激光重熔功率对镍基自润滑涂层组织与性能的影响

为研究重熔功率对Inconel 718镍基自润滑涂层组织与性能的影响规律，采用激光熔覆技术在27SiMn钢板材上制备Inconel 718熔覆涂层，选用三种不同的激光功率二次重熔熔覆试样。使用超景深显微镜观察熔覆层表面形貌及金相组织，使用显微硬度计检测熔覆层的显微硬度，使用销-盘式摩擦磨损试验机检验及评价熔覆层的摩擦磨损性能。结果表明，激光重熔后熔覆层的晶粒得到明显的细化，随着重熔功率的增加，熔覆层晶粒尺寸先减小后增大，重熔功率为1 260 W时，熔覆层顶部晶粒尺寸最均匀细小；重熔后熔覆层的硬度均有较大提高，相较未重熔试件硬度最高可提升22%；从磨损形貌来看，试样的磨损机理主要为磨粒磨损，经重熔后试样的摩擦系数及磨损失重均得到了明显的降低。分析摩擦磨损试验数据可知，重熔功率在1 260 W时，试件的耐磨性能最好。

Abstract

In order to study the influence of remelting power on the microstructure and properties of Inconel 718 nickel-based self-lubricating coating, laser cladding technology is adopted to prepare Inconel 718 cladding coating on 27SiMn steel plate, and three different laser power remelting cladding samples are selected.
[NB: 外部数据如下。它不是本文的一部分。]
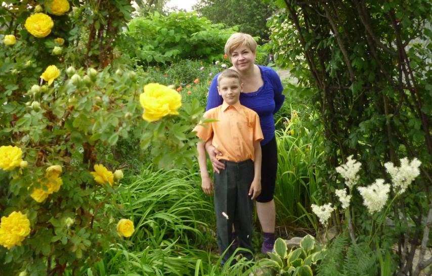 В очередной раз проезжая мимо прекрасного, полного цветов и зелени палисадника у дома № 103 по улице Ломакина, с радостью заметил хозяйку — она как раз трудилась в этом райском уголке. Мы познакомились и Альбина Чекаданова стала увлечённо рассказывать о том, какие цветы на её большой клумбе цветут, сменяя друг друга, в течение мая-июня, какие каскады и арки она создаёт из них.
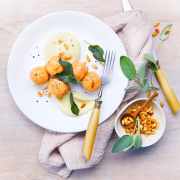 Quenelles de saumon sur purée de céleri avec sauge frite et pignons de pin
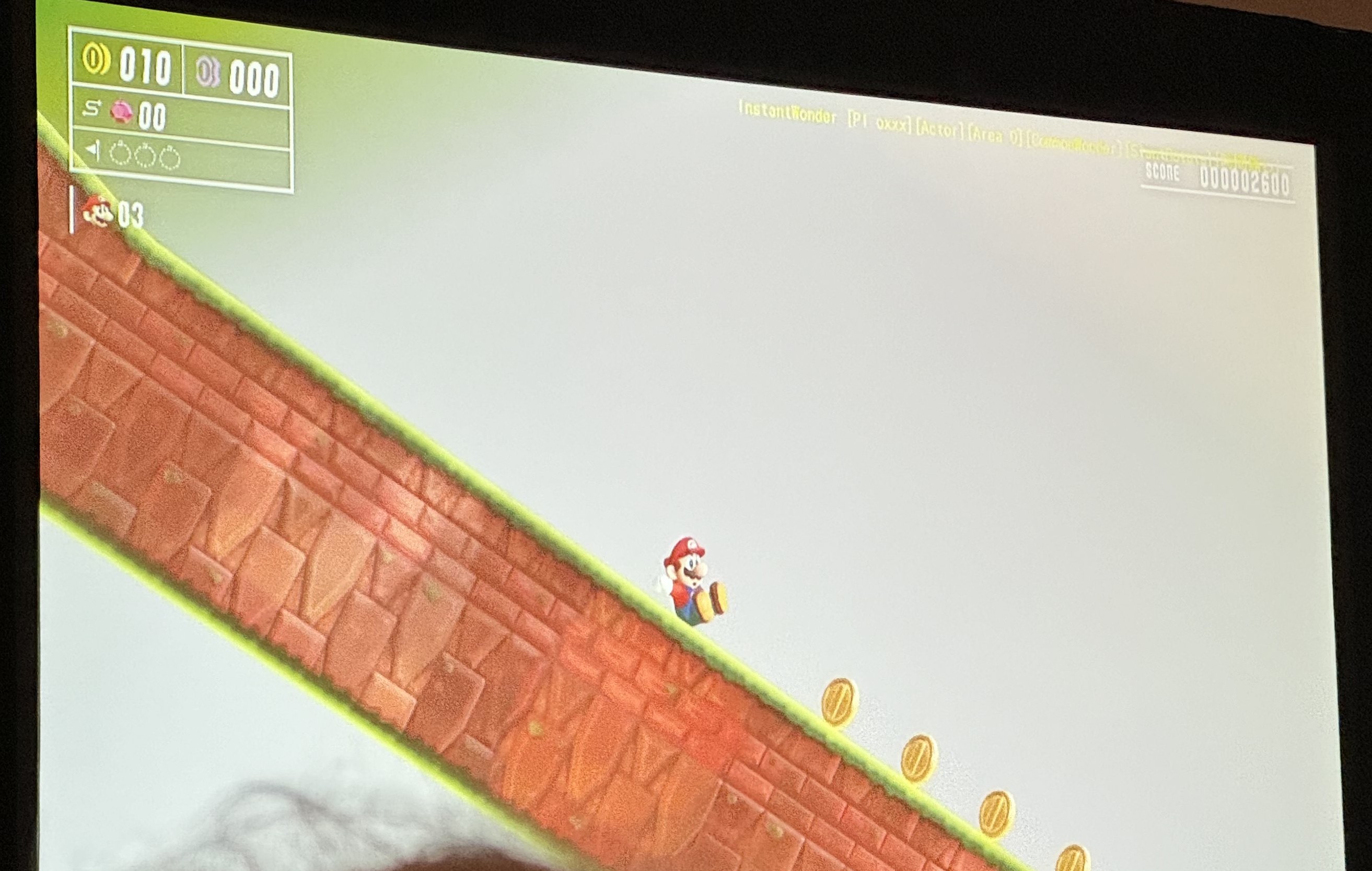 A l'occasion de la Game Developers Conference (GDC) qui s'est tenue du 18 au 22 mars à San Francisco, Nintendo a organisé un panel autour du développement du jeu. Pour l'occasion, les développeurs ont dévoilé du contenu finalement non utilisé dans le titre final. On découvrir ainsi, grâce à Chris Kohler de Llamasoft! qui était présent et a publié des vidéos et des images sur X, de nombreux effets "prodigieux" inédits, finalement non intégrés dans le jeu.

The surface morphology and metallographic structure of the cladding layer are observed by super depth of field microscope, the microhardness of the cladding layer is measured by microhardness tester, and the friction and wear properties of the cladding layer are tested and evaluated by pin-disk friction and wear testing machine. The results show that the grain size of the cladding layer is obviously refined after laser remelting. With the increase of remelting power, the grain size of the cladding layer decreases firstly and then increases. When the remelting power is 1 260 W, the grain size at the top of the cladding layer is the most uniform and fine. After remelting, the hardness of the cladding layer is greatly improved, and the hardness can be increased by 22% compared with that of the specimen without remelting. From the wear morphology, the wear mechanism of the sample is mainly abrasive wear, and the friction coefficient and wear weight loss of the sample are obviously reduced after remelting. The analysis of friction and wear test data shows that the specimen has the best wear resistance when the remelting power is 1 260 W.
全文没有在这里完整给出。